Следует учитывать, что на формирование ценностных ориентиров социума, особенно при сохранении традиционных основ жизни, влияет официальная идеология. Так, в годы Первой мировой войны были изданы циркуляры Министерства внутренних дел и постановления Сената, ограничившие передвижение и права подданных Германии и Австро-Венгрии, проживавших в России. Эти документы оказали влияние на формирование восприятия обывателем данной категории общества в целом и отдельных ее представителей в частности. Закон от 10 мая 1915 г. о предприятиях, чьими совладельцами были подданные государств-противников, правила от 2 февраля и 13 декабря 1915 г. «О прекращении землевладения», выводы «Особого комитета по борьбе с немецким засильем» (заседания 22 июня, 24 ноября 1916 г.) вводили конфискацию собственности подданных Австро-Венгрии и Германии в пределах России. На основании этих нормативных актов в июне 1915 г. в Саратове и Царицыне был закрыт ряд предприятий, принадлежавших лицам упомянутых категорий. В то же время часть предприятий, владений подданных Австро-Венгрии и Германии, не подлежали ликвидации. В Саратовской губернии их было 12 (10 в Саратове, по 1 - в Балашове и Царицыне) [13, л. 46 об., 50-51; 31, л. 51], что провоцировало недовольство со стороны местного населения в адрес предпринимателей-«немцев».
9 февраля 1915 г.
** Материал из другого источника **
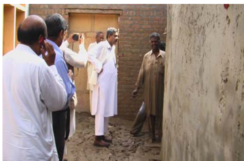
The Bishop inspecting damaged houses

August 2, 2010: Now-a-days, traveling to Charsadda is not safe, as the roads are flooded thus dangerous to travel. The Bishop and the Diocesan Development & Relief workers risked their life and reached there, to help the Christian community trapped in floods. They visited every home and held special prayers for the flood victims. It is worth mentioning that special prayers were offered in the middle of Charsadda Bazar, many Muslims also participated in it.
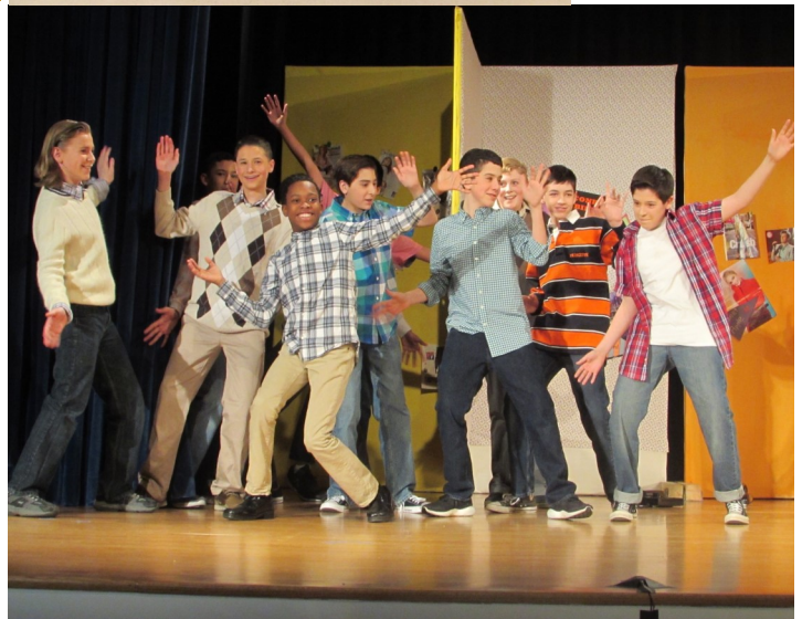
Over 125 students at Memorial Junior School were involved in this year's MJS Spring Musical, Bye Bye Birdie. The performances took place on Friday, March 23, 2018 and Saturday, March 24, 2018.
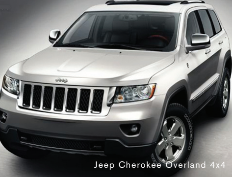
Jeep Cherokee Overland 4x4
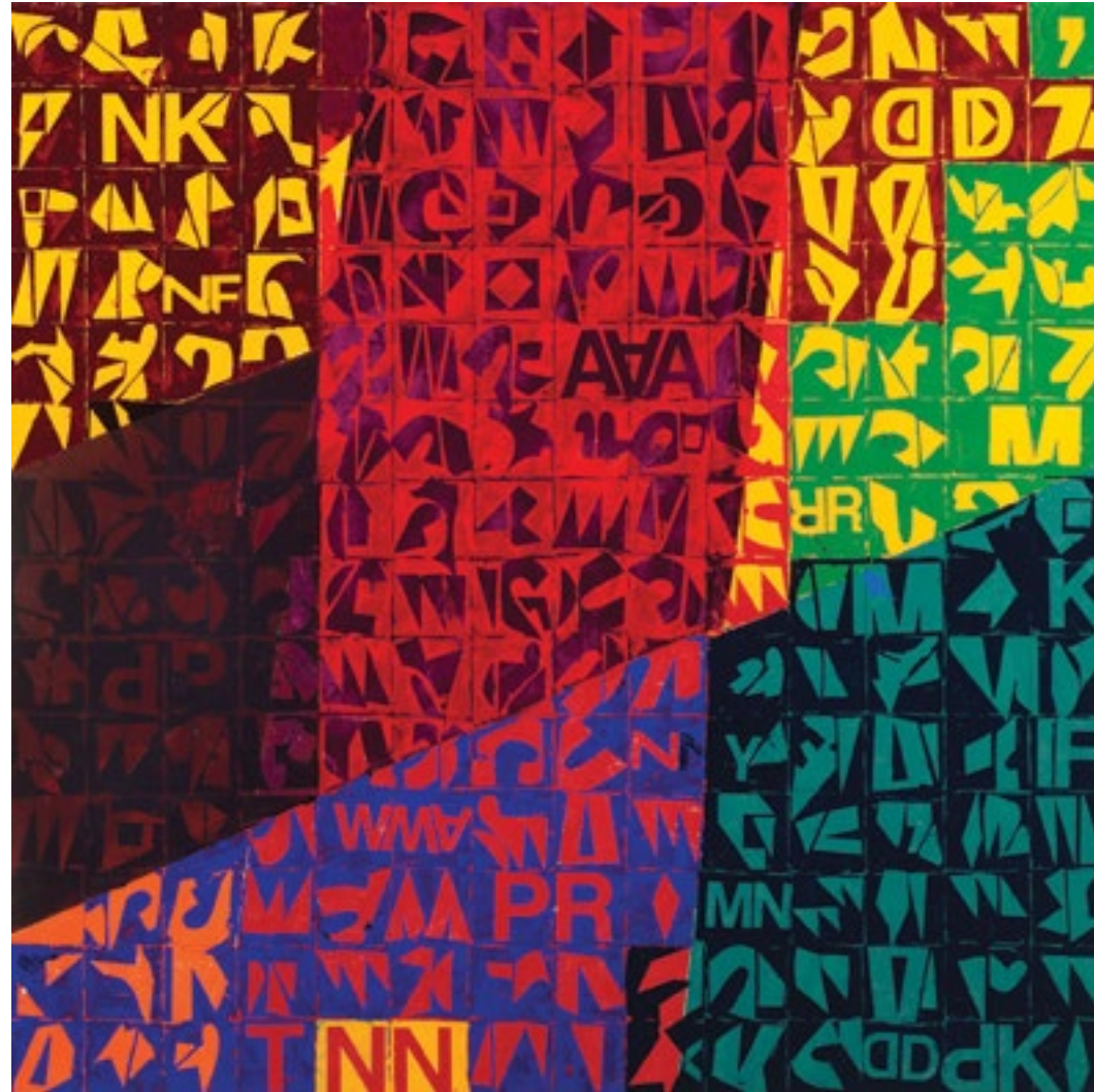
BRATSA BONIFACHO NO SUGAR ADDED DEC 2023 - JAN 2024

Nov 30 - Dec 31 Artist Reception- Sat Dec 2nd, 4 - 6 pm
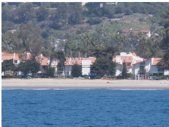
El Escorial Villas Viewed from the Harbor

The El Escorial Delux Hotel (which provided us accommodations; and served as our nerve center and communications center) is no longer a hotel, but rather El Escorial Villas.
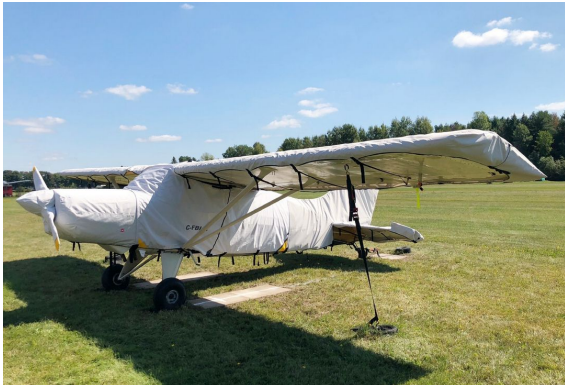
Maule Complete Cover Set

WINTER USE MATERIAL - Made with Solution-Dyed Polyester fabric, this option is intended for seasonal use to aid in deicing, rain mitigation, or for occasional travel. The material is lighter and more compact, but more susceptible to UV damage and may have a shorter useful life if used continuously outside than the all-year use material.
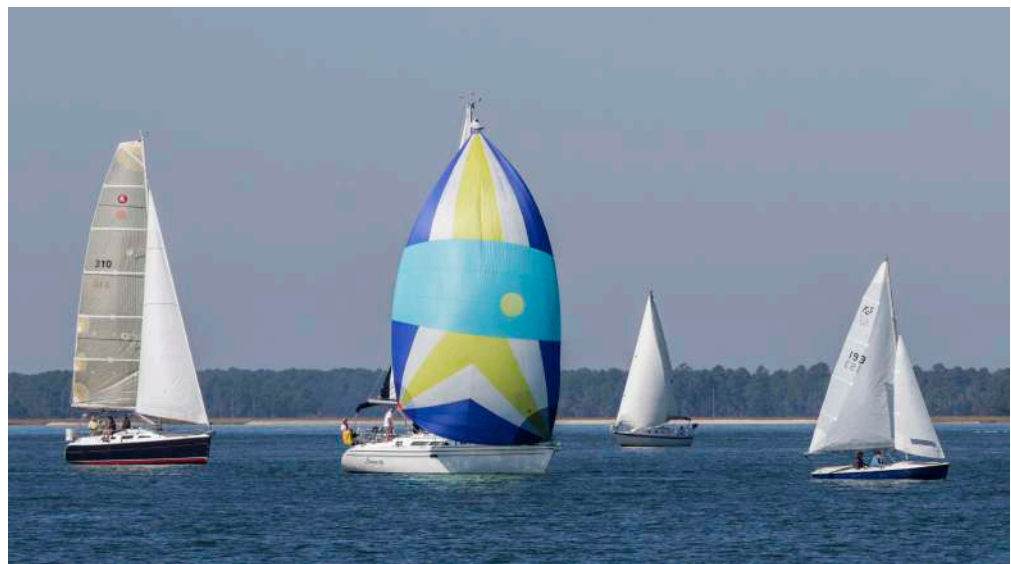
Harbour Town Club Race
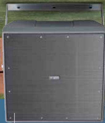
Shadow 112 HC 600W
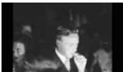
Parsons Paris 1948 (PC070201_000001)
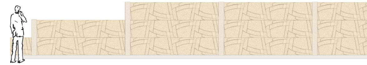
NOISE BARRIER AT STATION WITH INTERURBAN THEME PATTERN
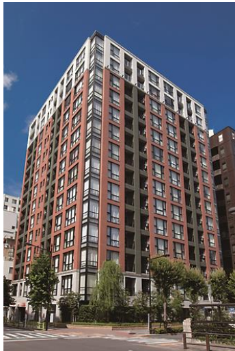
Prime Maison Ginza East (Location: Chuo-ku, Tokyo)
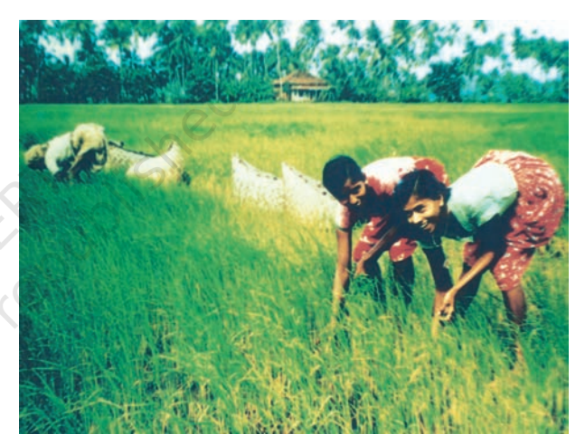
Figure 2.8 : The Coastal Plains

The Peninsular plateau is flanked by stretch of narrow coastal strips, running along the Arabian Sea on the west and the Bay of Bengal on the east . The western coast , sandwiched between the Western Ghats and the Arabian Sea, is a narrow plain. It consists of three sections. The northern part of the coast is called the Konkan (Mumbai – Goa), the central stretch is called the Kannad Plain , while the southern stretch is referred to as the Malabar coast .

Сенат вынес постановление, по которому германцы и австрийцы априори считались дискриминированными [9, л. 1 об.-4 об.]. Официально признавалась возможность участия подданных «враждебных» государств,
особенно Германии, в шпионаже во вред интересам Российской империи. В июле 1914 г. Министерство внутренних дел предоставило губернаторам право выселять германских подданных, «подозрительных в отношении шпионства», из заволжских губерний; в 1916 г. информировало начальников губернских жандармских управлений (далее - ГЖУ) об использовании находившихся в России германских подданных для внедрения в пределы России шпионов [28. л. 6-6 об.; 45, л. 38; 54, л. 4]. Такая позиция определяла представителей немецкого народа как опасных для российского государства и общества.
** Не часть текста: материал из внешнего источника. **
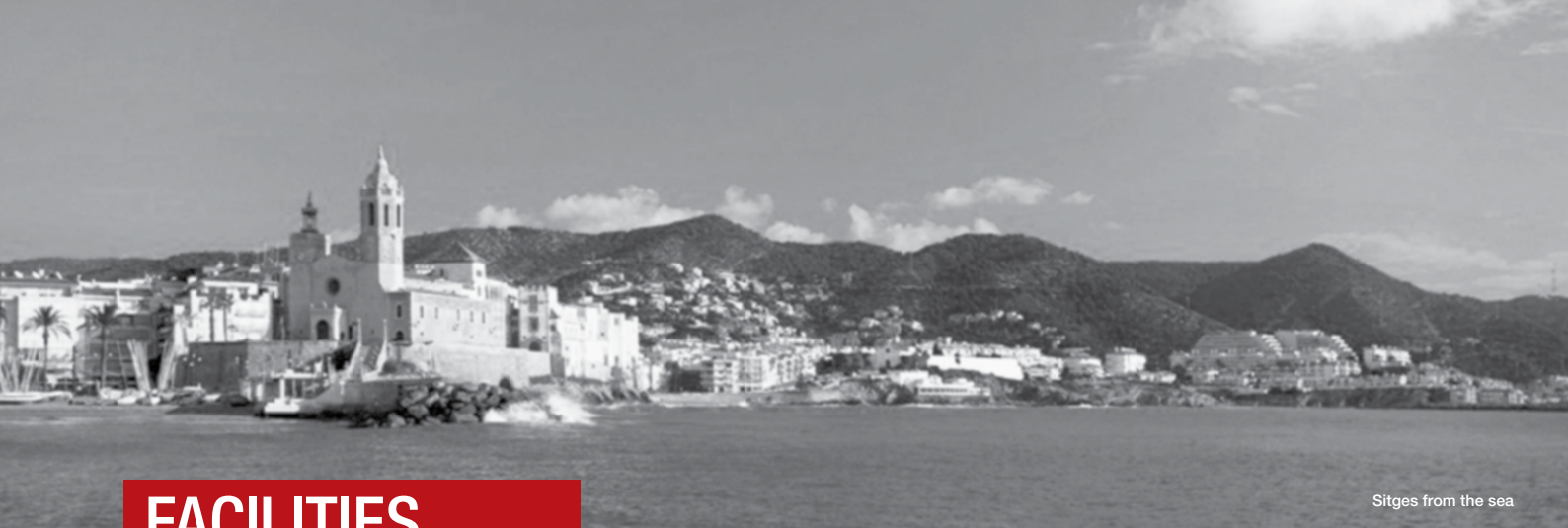
Sitges from the sea
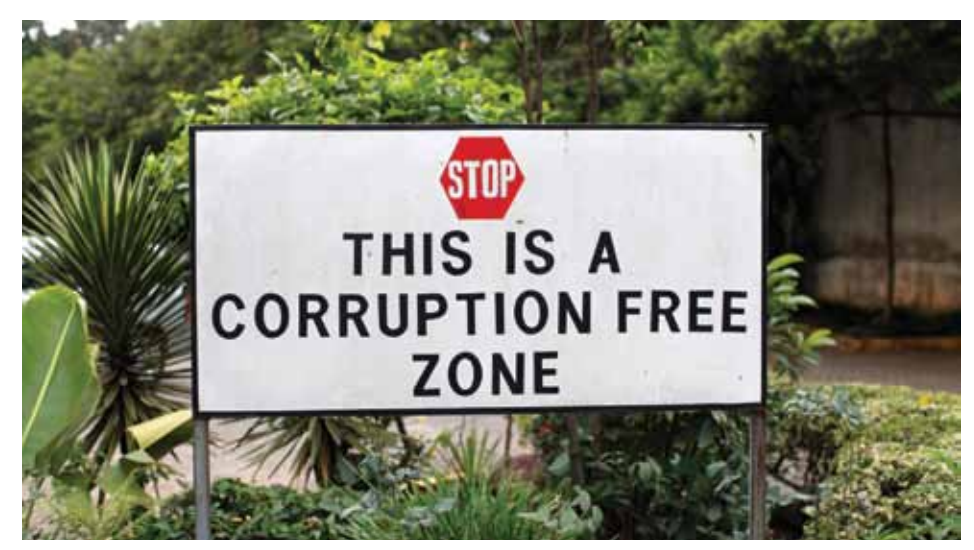
A major global anti-corruption research scheme is being run in partnership with DFID

The British School at Rome delivered the early phases of the Rome's Mediterranean Ports (RoMP) project. Funded by the European Research Council, it allows researchers to have a better understanding of the historic role played by ports in promoting the cohesion of the Roman Mediterranean during the Imperial era.

Следует отметить, что с конца июля 1914 г. мужчины 18-45 лет - поддан -ные Германии и Австро-Венгрии - считались военнопленными, подлежали «немедленному аресту и высылке в места указанные», кроме лиц, состоявших на военной службе. Последних следовало арестовать и передать в распоряжение военного ведомства [54, л. 375]. С января 1915 г. проживавших в России иностранных подданных - мужчин 17-60 лет - стали причислять к военнообязанным [31, л. 17].
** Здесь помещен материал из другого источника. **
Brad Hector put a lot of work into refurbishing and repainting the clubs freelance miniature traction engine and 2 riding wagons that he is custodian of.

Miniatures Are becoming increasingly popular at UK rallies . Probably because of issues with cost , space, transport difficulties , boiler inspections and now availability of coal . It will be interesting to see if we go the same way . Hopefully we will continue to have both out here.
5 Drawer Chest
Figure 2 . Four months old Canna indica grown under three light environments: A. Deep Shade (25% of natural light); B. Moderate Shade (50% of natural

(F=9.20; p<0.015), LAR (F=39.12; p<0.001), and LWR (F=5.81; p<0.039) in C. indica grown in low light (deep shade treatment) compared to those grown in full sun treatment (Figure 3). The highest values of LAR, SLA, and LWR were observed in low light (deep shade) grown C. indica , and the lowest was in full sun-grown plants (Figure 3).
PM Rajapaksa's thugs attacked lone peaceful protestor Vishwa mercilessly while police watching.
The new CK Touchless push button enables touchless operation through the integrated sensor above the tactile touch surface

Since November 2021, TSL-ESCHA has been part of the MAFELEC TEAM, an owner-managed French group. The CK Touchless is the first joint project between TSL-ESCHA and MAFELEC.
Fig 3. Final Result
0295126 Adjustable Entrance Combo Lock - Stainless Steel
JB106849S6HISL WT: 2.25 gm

В городах полицмейстеры и начальники ГЖУ вели строгий учет иностранцев. Владельцы домов обязаны были сообщать о фактах сдачи им жилья. В то же время подданные Германии и Австро-Венгрии из числа славян могли не посещать часто полицейские участки в местах их водворения, свободно приобретать продукты, устраиваться на работу даже на оборонные предприятия [31, л. 99 об.], что выделяло «особое» отношение не просто к подданным государств -противников России, а именно к этническим немцам.
С осени 1914 г. местами высылки германцев и австрийцев, находившихся в России, стали Астраханская, а с декабря того же года - Саратовская губернии. Астрахань была определена в качестве пересыльного пункта для немцев-колонистов, высланных в Тургайскую область [7, л. 21; 53, л. 299]. Таким образом, подданные государств-противников прибывали в города Поволжья, в основном, как высланные. Отмечались случаи приезда к высланным родственников [8, л. 14]. Кроме того, среди гражданского немецкого населения были лица, захваченные в плен российскими войсками в Восточной Пруссии [8, л. 45-46].
«Переселенческая» политика в отношении «немцев» сказалась на изменении населения городских центров Поволжья. Так, если в Самаре на 2 августа 1914 г. проживало 1426 чел. из числа австрийских и германских подданных, то за период со 2 по 19 августа их численность увеличилась на 465 чел. [54, л. 413, 430, 452, 520].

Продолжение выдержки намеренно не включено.